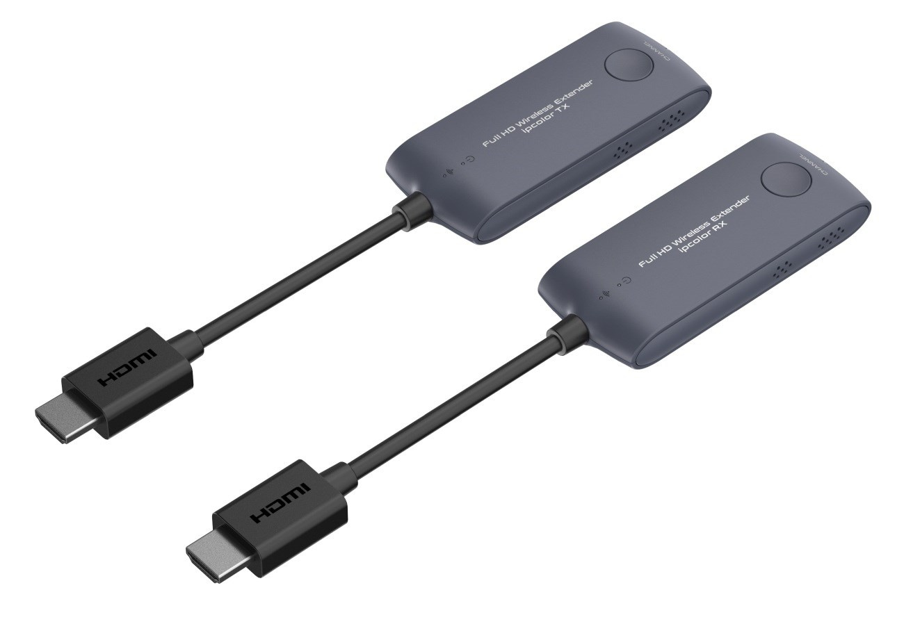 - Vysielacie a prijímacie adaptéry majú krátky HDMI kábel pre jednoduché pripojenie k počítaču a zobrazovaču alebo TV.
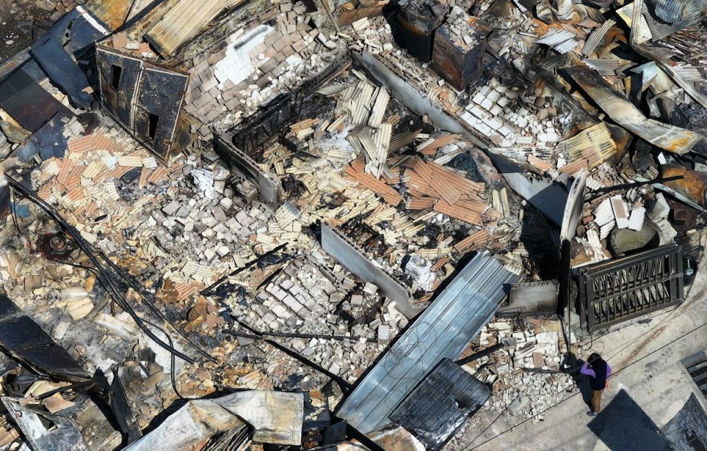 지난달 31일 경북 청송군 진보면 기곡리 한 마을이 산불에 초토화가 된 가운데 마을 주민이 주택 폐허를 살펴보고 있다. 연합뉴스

- - -

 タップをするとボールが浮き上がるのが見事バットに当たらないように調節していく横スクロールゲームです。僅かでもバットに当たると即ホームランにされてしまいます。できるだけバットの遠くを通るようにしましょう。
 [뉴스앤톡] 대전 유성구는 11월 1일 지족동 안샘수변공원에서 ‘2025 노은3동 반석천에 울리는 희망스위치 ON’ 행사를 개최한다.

- - -

WORK ITEM => Output exactly the stretch of the listing that begins at the line containing "- Vysielacie a" and ends at the line containing "지난달 31일 경북 청송군", both kept. Omit pictures and everything else.

WRITTEN RESPONSE =>
 - Vysielacie a prijímacie adaptéry majú krátky HDMI kábel pre jednoduché pripojenie k počítaču a zobrazovaču alebo TV.
 지난달 31일 경북 청송군 진보면 기곡리 한 마을이 산불에 초토화가 된 가운데 마을 주민이 주택 폐허를 살펴보고 있다. 연합뉴스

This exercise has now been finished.